What's your backstory and how did you come up with the idea?

When I left Google mid-2014, I was planning to build the typical type of ex-Googler startup, one that would bring an approach that I had seen used successfully at Google and worked on, to the wider market. This was in the internationalization space. A couple of months in, I found that this had already been done, in the same way, with the same go-to-market strategy that I had been thinking of, and that the competition had even recently hired a person I had trained to replace me to work on the Google-internal version a couple of years earlier. I decided I did not want to compete in that space since they were already doing a great job.

As you can imagine, I kicked myself a bit for not realizing earlier, but I never regretted leaving Google - it was time, I had been wanting to start my own thing for several years at that point.

Around the same time, I reconnected with an old friend from primary school, my CrankWheel cofounder Gilsi, who I hadn’t spoken to more than a couple of times in over twenty years.
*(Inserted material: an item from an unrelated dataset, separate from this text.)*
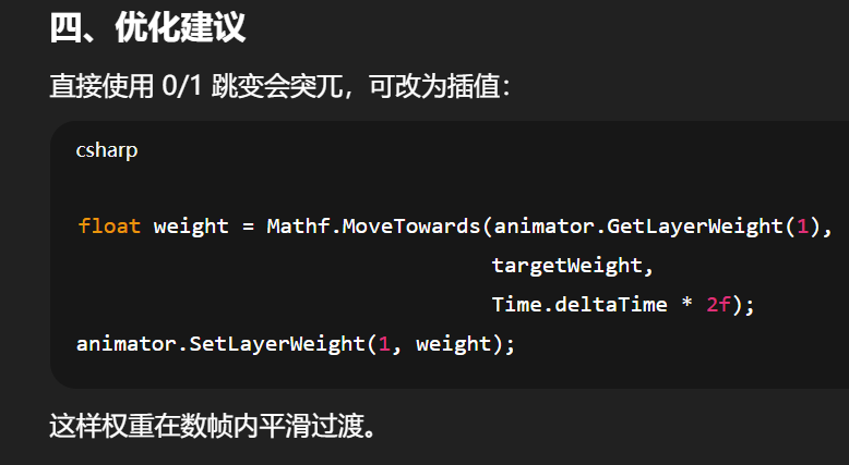 动作模糊过渡 | 在动画事件中缓慢插值权重实现平滑 blending |

He and I started brainstorming what types of solutions might be missing in his space, which was sales, particularly sales over the telephone to hard-to-reach prospects, of products like telecoms, insurance, banking, and software. We reinvented a lot of sales enablement tools before finding that lots of solutions already existed.

At some point, I asked him what type of screen sharing tools he would normally use in his work, and was surprised that as it turned out, people in consumer telesales weren’t using any screen sharing tools, and B2B telesales or inside sales would only use web conferencing very late in the sales cycle.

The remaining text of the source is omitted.